Leetcode Week7 Gas Station

Question

There are N gas stations along a circular route, where the amount of gas at station i is gas[i].

You have a car with an unlimited gas tank and it costs cost[i] of gas to travel from station i to its next station (i+1). You begin the journey with an empty tank at one of the gas stations.
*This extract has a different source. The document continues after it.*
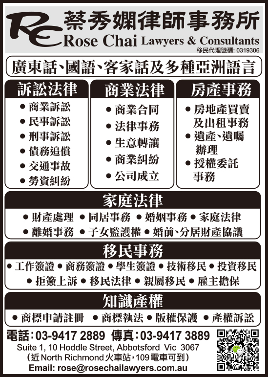商业目录 Rose Chai Lawyers & Consultants 英文名称: Rose Chai Lawyers & Consultants中文名称: 蔡秀嫻律師事務所业务分类: 法律移民详细介绍: 詳情請見廣告联系电话: 03 9417 2889商业标签: Rose, Rose Chai, 律師 发送消息给业主 商家名称:Rose Chai Lawyers & Consultants 您的姓名 您的邮件 消息内容
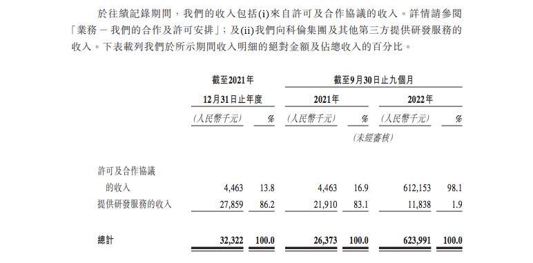 截至2021年12月31日止年度以及截至2021年及2022年9月30日止九个月,科伦博泰来自与默沙东及其他许可伙伴的许可及合作协议分别贡献了总收入的13.9%、17.1%及98.1%。

Return the starting gas station's index if you can travel around the circuit once in the clockwise direction, otherwise return -1.

Note:

• If there exists a solution, it is guaranteed to be unique.
• Both input arrays are non-empty and have the same length.
• Each element in the input arrays is a non-negative integer.

Example 1:

Input: 
gas  = [1,2,3,4,5]
cost = [3,4,5,1,2]

Output: 3

Explanation:
Start at station 3 (index 3) and fill up with 4 unit of gas. Your tank = 0 + 4 = 4
Travel to station 4. Your tank = 4 - 1 + 5 = 8
Travel to station 0. Your tank = 8 - 2 + 1 = 7
Travel to station 1. Your tank = 7 - 3 + 2 = 6
Travel to station 2. Your tank = 6 - 4 + 3 = 5
Travel to station 3. The cost is 5. Your gas is just enough to travel back to station 3.
Therefore, return 3 as the starting index.

Example 2:

Input: 
gas  = [2,3,4]
cost = [3,4,3]

Output: -1

Explanation:
You can't start at station 0 or 1, as there is not enough gas to travel to the next station.
Let's start at station 2 and fill up with 4 unit of gas. Your tank = 0 + 4 = 4
Travel to station 0. Your tank = 4 - 3 + 2 = 3
Travel to station 1. Your tank = 3 - 3 + 3 = 3
You cannot travel back to station 2, as it requires 4 unit of gas but you only have 3.
Therefore, you can't travel around the circuit once no matter where you start.

Answer

class Solution {
public:
    int canCompleteCircuit(vector<int>& gas, vector<int>& cost) {
        vector<int> fuel(gas.size());
        for (int i = 0; i < gas.size(); i++) {
            fuel[i] = gas[i]-cost[i];
        }
        int left, right, maxfuel;
        maxfuel = maxSubarraySumCircular(fuel, left, right);
        if (left <= right) {
            for (int i = right+1; i < gas.size(); i++) {
                maxfuel += fuel[i];
                if (maxfuel < 0) return -1;
            }
             for (int i = 0; i < left; i++) {
                maxfuel += fuel[i];
                if (maxfuel < 0) return -1;
            }
            return left;
        } else {
            for (int i = right+1; i < left; i++) {
                maxfuel += fuel[i];
                if (maxfuel < 0) return -1;
            }
            return left;
        }
    }
         int maxSubarraySumCircular(vector<int>& A, int &left, int &right) {
            int total = 0, maxSum = -30000, curMax = 0, minSum = 30000, curMin = 0, Start = 0, Start2 = 0, End = 0, maxStart = 0, maxEnd = 0, 
             minStart = 0, minEnd = 0;
            for (int i = 0; i < A.size(); i++) {
                int a = A[i];
                if (curMax < 0) {
                    Start = i;
                }
                curMax = max(curMax + a, a);
                if (maxSum < curMax) {
                    maxStart = Start;
                    maxEnd = i;
                }
                maxSum = max(maxSum, curMax);
                if (curMin > 0) {
                    Start2 = i;
                }
                curMin = min(curMin + a, a);
                if (minSum > curMin) {
                    minEnd = i;
                    minStart = Start2;
                }
                minSum = min(minSum, curMin);
                total += a;
            }
             if (maxSum >= total-minSum) {
                 left = maxStart;
                 right = maxEnd;
             } else {
                 left = minEnd+1;
                 right = minStart-1;
             }
            return maxSum > 0 ? max(maxSum, total - minSum) : maxSum;
    }

};

　　首先计算gas和cost数组的差，得到一个有正有负的数列，然后求连续的和最大的子数列（同时也要保存最大子数列的起始位置 = start），可以转化为Find Minimum in Rotated Sorted Array II的问题。